Ilustrasi: Atlet disablitas Afrika Selatan, Oscar Pistorius. (Foto: businessinsider.com.au)

RIO DE JANEIRO, SATUHARAPAN.COM – Saat sejumlah kalangan bersuka cita karena Rio de Janeiro, Brasil, sukses menyelenggarakan ajang multievent olahraga empat tahunan dunia, olimpiade, beberapa orang memiliki pendapat berlawanan. Sejumlah penyandang disabilitas merasa kota tersebut bukan kota yang cocok untuk menyelenggarakan ajang multievent olahraga empat tahunan dunia bagi atlet disabilitas, Paralimpiade.

Feature yang ditulis The Telegraph, hari Selasa (6/9), menggambarkan beberapa penyandang disabilitas dan penggemar olahraga di Brasil merasa kota tersebut kurang cocok menyelenggarakan ajang yang berlangsung 7 sampai 18 September tersebut.

Heitor Luiz de Menezes, penggemar olahraga yang juga penyandang disabilitas asal Brasil, awalnya mengatakan pemilihan Rio de Janeiro sebagai tempat penyelenggaraan Paralimpiade 2016 merupakan mimpi yang jadi kenyataan. Dia sudah memiliki tiket untuk menyaksikan pembukaan Paralimpiade 2016 di Stadion Maracana, Rio de Janeiro, Brasil. Tapi, betapa mengecewakan, tidak mudah bagi penyandang disabilitas seperti dia mendapatkan akses saat ingin menggapai tribun orang yang berkursi roda.  

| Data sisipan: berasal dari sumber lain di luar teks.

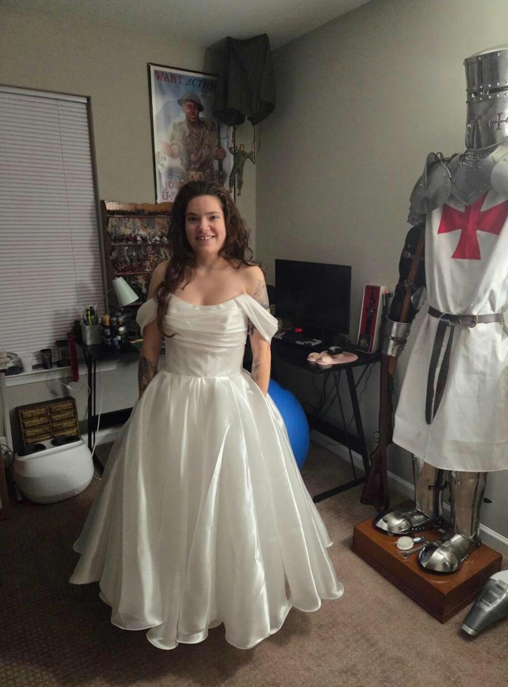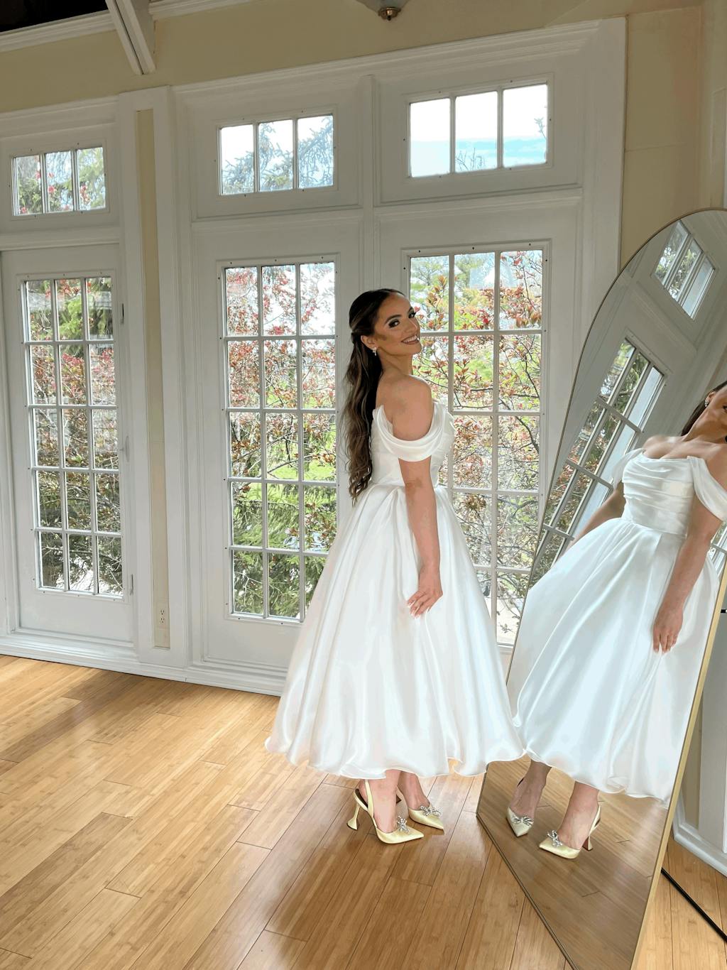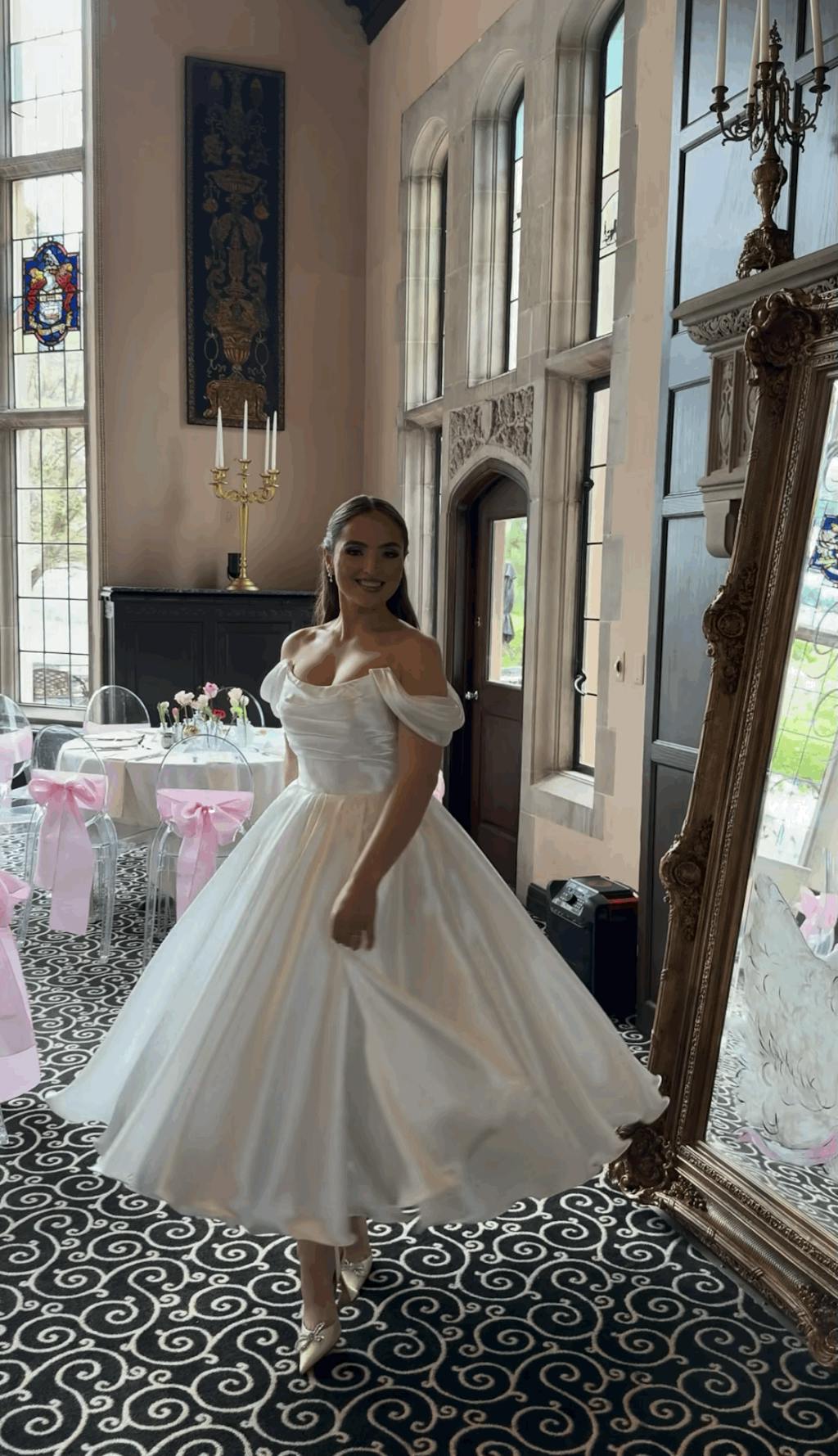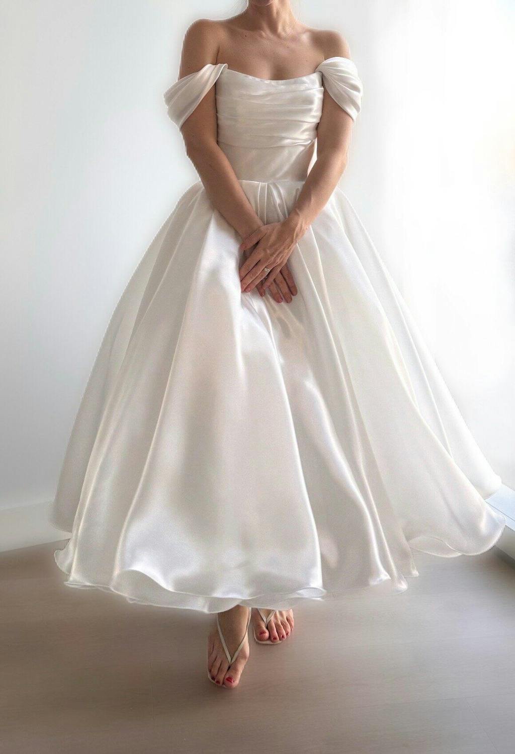 This gorgeous midi wedding dress features an off-the-shoulder design with a draped corset and thick straps, complemented by a lush skirt made from luxurious silky organza fabric. Perfect for a romantic yet sophisticated look.

Dia mendeskripsikan lintasan untuk pengguna kursi roda dari pintu masuk stadion hingga tribun khusus untuk kelompok disabilitas sangat curam. Selain itu menurut Luiz de Menezes, di stadion tersebut ruang parkir untuk kelompok disabilitas yang memiliki mobil kurang memadai.

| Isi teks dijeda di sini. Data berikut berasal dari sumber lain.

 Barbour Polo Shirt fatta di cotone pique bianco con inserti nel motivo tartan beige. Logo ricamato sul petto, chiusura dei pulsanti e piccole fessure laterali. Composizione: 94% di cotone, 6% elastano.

“Saya sebenarnya ingin pergi ke acara pembukaan olimpiade, tetapi saya malah membatalkannya, karena beberapa saat lalu saya mengalami kesulitan mengakses stadion, sekarang saya malah ingin memberikan tiket tersebut ke orang lain saja,” kata Luiz de Menezes.

“Olimpiade, IOC (International Olympic Committee) dan Pemerintah Rio de Janeiro  tidak memikirkan kelompok disabilitas,” kata dia.

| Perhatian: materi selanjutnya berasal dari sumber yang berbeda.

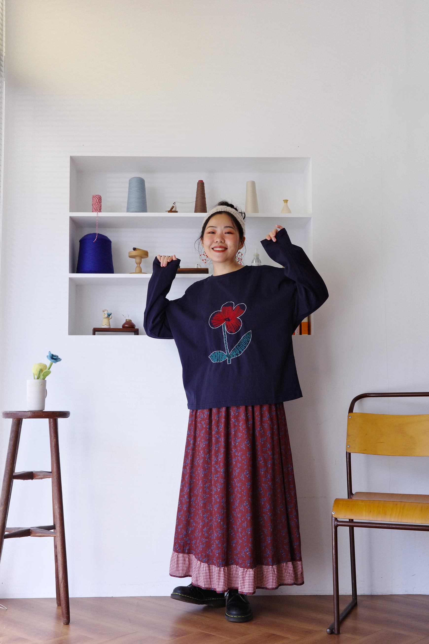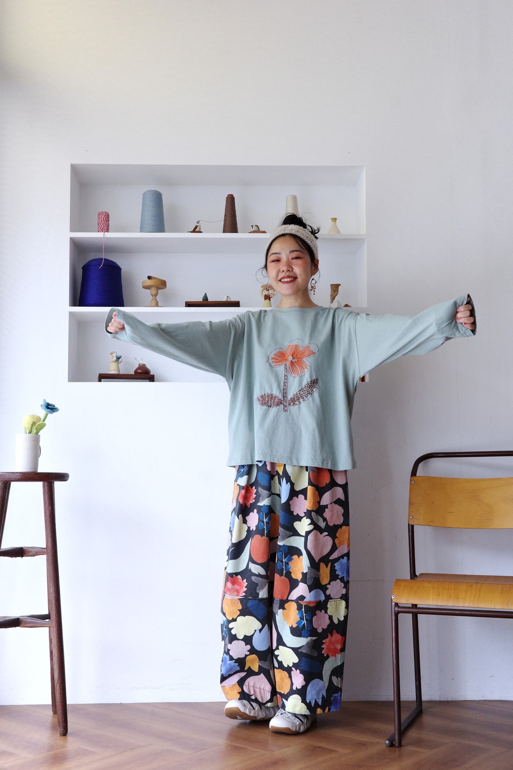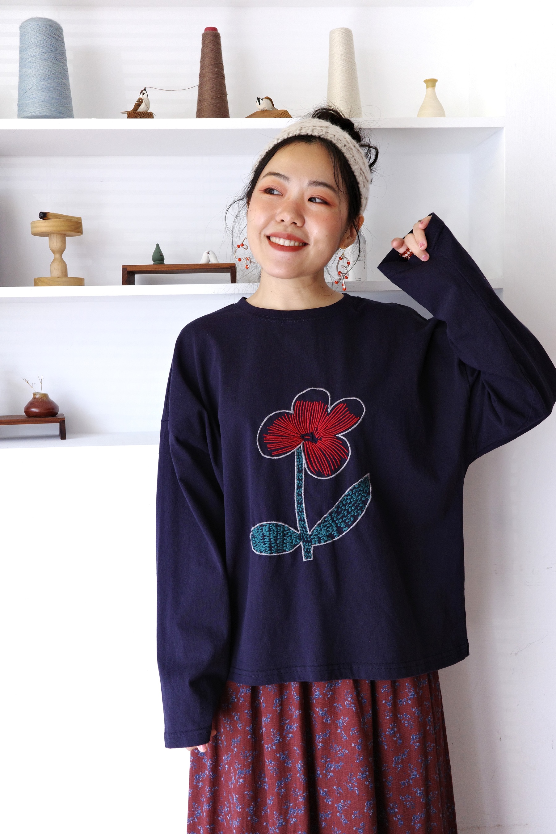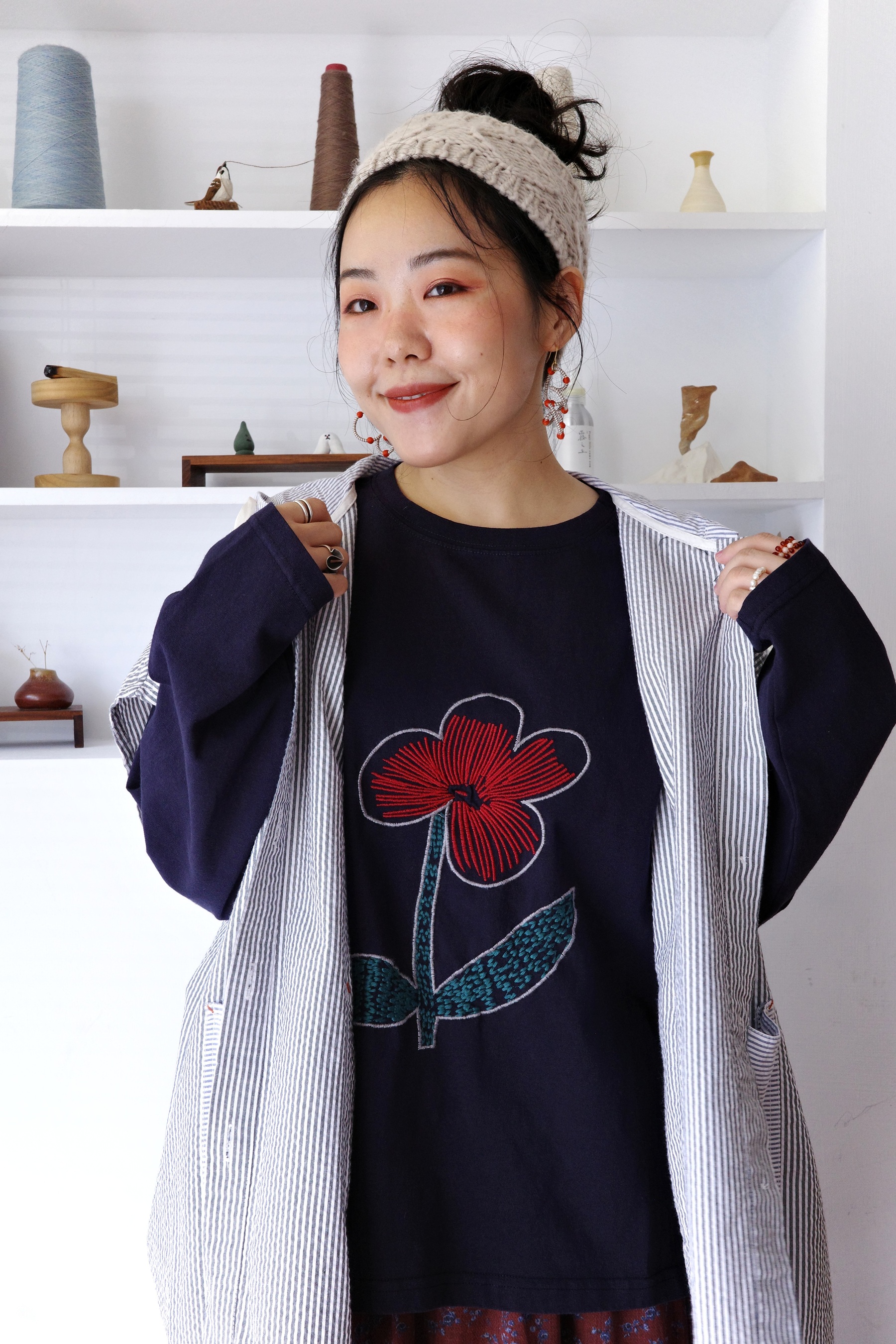 可愛又隨性的花花刺繡T,鬆身版型,布料舒適有自然挺度。

The Telegraph mencatat pada Olimpiade 2016, Wali Kota Rio de Janeiro, Eduardo Paes, menyatakan pihaknya telah menghabiskan anggaran dalam jumlah besar untuk memperbaiki transportasi dan pelayanan umum.

Namun, Paes dianggap masih kurang memperhatikan akses bagi kelompok disabilitas. The Telegraph mencatat hal tersebut merupakan sebuah hal yang harus diperbaiki menjelang pembukaan Paralimpade 2016 hari Rabu (7/9).

Anggota Brazilian Institute for Disabled Rights (lembaga yang mengadavokasi hak disabiltas di Brasil), Teresa Costa D’Amaral, mengatakan kelompok disabilitas di negara tersebut menghadapi permasalahan lain selain fasilitas publik, yakni tingginya harga obat-obatan serta terbatasnya pendidikan luar biasa di Rio de Janeiro 

“Untuk kaum disabilitas sangat sulit rasanya hidup di Rio,” kata D’Amaral.

Dia menyesalkan di Brasil masih ada anggapan kelompok disabilitas merupakan orang yang berbeda dan tidak sempurna. 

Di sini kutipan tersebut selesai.